In the past, federal law required only that states register sexually violent offenders for 15 years. The new act requires states to register virtually anyone convicted of a sex offense. This would force some states to significantly expand their registries. While it may seem a good idea to place all convicted sex offenders on a registry, law enforcement officials and child safety advocates say that expanding the registry to include all offenders reduces its usefulness in helping law enforcement to identify and monitor individuals considered a real risk to the community.

The Adam Walsh Act also extends from 15 years to 25 years or life the time someone is on a registry and subject to community notification, without the possibility of petitioning to be removed. If Congress had consulted experts on sexual violence, it would have found that the longer a convicted sex offender lives offense-free in the community, the less likely he is to re-offend, which is why experts often advocate giving convicted sex offenders an opportunity to be released from registry requirements upon a showing of rehabilitation.

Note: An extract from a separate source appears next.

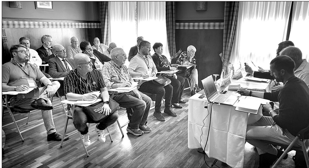
Participantes en el Relatorio de Cultura, durante el XIII Pleno del Consello de Comunidades Galegas.

Para lograrlo, proponen “dotar a la industria tecnológica de las bases necesarias para que desarrollen productos en lengua gallega”, avanzando en la puesta a disposición de los

Implementing the changes required by the act will cost states a lot of money. At a legislative hearing in Arizona, witnesses testified that the state would lose between $700,000 and $800,000 in federal law enforcement grants if it didn’t comply with the law – but that it would cost millions of dollars to expand the state’s sex offender laws to comply with the Adam Walsh Act.

And there are other costs to implementing the act. Subjecting convicted sex offenders to community notification for the rest of their lives may do great harm – both to the individuals and to community safety. Offenders included on online sex offender registries endure shattered privacy, social ostracism, diminished employment and housing opportunities, harassment, and even vigilante violence. Their families suffer as well.

Unnecessarily expansive community notification laws may drive more offenders underground, away from supportive services like treatment, and away from the supervision and monitoring of law enforcement. Harsh enduring consequences also provide little incentive for former offenders to live without re-offending: as one registrant told Human Rights Watch, “No one believes I can change, so why even try?”

Every child has the right to live free from violence and sexual abuse. Promoting public safety by holding offenders accountable and by instituting effective crime prevention measures is a core governmental obligation. But states can address the real problem of sexual violence by refusing to adopt the Adam Walsh Act – and then limiting their registration and community notification laws to individuals identified as posing a real risk to the community.